Away from the crowds around Shaftesbury Avenue and Chinatown, in the streets towards Oxford Street, it’s less frantic and you have time to take in your surroundings. Some of it is little changed since Georgian times – except, of course, for the water pipes under your feet. In those days there was no plumbing in this crowded corner of the city, and everyone depended on the neighbourhood well for their drinking water.
While you’re in Lexington Street perusing the shops and restaurants you can check off one of London’s many locations marking the ground-breaking discoveries that were so vital to medicine and public health. At the north end, on the corner of Broadwick Street, is a pub called the John Snow. Who was he, and why here?
In 1854, while working in Soho as a physician and epidemiologist, John Snow became concerned about an outbreak of deadly cholera nearby. He did not accept the then-current theory of ‘miasma’ – disease being spread by smells in the air – and by careful observation he deduced that water from a sewage-contaminated well in Broad Street (now called Broadwick Street) was the source. He persuaded the local authority to remove the pump handle, obliging the residents to draw their water from elsewhere. New cases of cholera rapidly diminished.
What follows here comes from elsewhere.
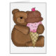 Een schattige teddybeer zit vast en kleeft aan zijn reusachtige ijskegel met een chocolade-ijsje en een stroop aardbei.

His continuing work to confirm his findings and persuade the many doubters set in train an eventual acceptance of his theories by the medical profession, and a revolution in the protection of the population’s health. A plaque on the wall of the pub commemorates his achievement, and a replica pump stands on the footpath outside, close to the site of the original.
Give yourself a pat on the back for visiting, and stroll off to find other sites of noteworthy achievement in London.
Graham Walker.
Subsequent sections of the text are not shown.